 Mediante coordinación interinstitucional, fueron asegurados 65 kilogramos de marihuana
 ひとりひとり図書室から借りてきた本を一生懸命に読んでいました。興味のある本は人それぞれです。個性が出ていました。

_ _ _ _ _ _ _

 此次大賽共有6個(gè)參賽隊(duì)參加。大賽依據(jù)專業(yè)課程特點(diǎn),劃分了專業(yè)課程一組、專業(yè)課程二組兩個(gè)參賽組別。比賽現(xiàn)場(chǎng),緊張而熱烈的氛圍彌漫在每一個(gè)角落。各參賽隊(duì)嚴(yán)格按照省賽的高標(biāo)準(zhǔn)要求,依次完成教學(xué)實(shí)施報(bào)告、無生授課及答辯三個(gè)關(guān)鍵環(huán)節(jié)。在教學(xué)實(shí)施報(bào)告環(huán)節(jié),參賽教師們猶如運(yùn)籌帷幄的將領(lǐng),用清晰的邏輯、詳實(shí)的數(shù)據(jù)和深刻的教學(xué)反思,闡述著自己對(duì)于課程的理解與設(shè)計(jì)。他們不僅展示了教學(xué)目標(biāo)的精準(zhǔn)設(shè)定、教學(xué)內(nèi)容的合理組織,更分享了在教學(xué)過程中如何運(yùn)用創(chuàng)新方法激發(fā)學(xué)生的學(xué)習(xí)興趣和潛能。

_ _ _ _ _ _ _

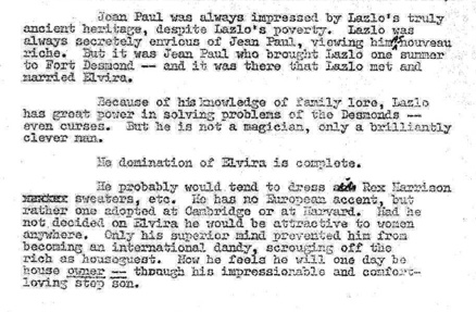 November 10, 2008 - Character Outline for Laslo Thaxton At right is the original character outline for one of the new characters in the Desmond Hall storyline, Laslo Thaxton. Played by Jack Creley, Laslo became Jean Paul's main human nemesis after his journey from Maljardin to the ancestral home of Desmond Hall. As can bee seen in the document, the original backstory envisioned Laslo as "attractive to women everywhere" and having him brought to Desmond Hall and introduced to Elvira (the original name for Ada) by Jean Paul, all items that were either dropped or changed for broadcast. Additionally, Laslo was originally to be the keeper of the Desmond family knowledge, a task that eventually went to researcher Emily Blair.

_ _ _ _ _ _ _

WHAT TO WORK ON — Please write out, exactly as they appear above, only the lines in the stretch from the line with "Mediante coordinación interinstitucional, fueron" through the line with "ひとりひとり図書室から借りて".

TASK RESPONSE —
 Mediante coordinación interinstitucional, fueron asegurados 65 kilogramos de marihuana
 ひとりひとり図書室から借りてきた本を一生懸命に読んでいました。興味のある本は人それぞれです。個性が出ていました。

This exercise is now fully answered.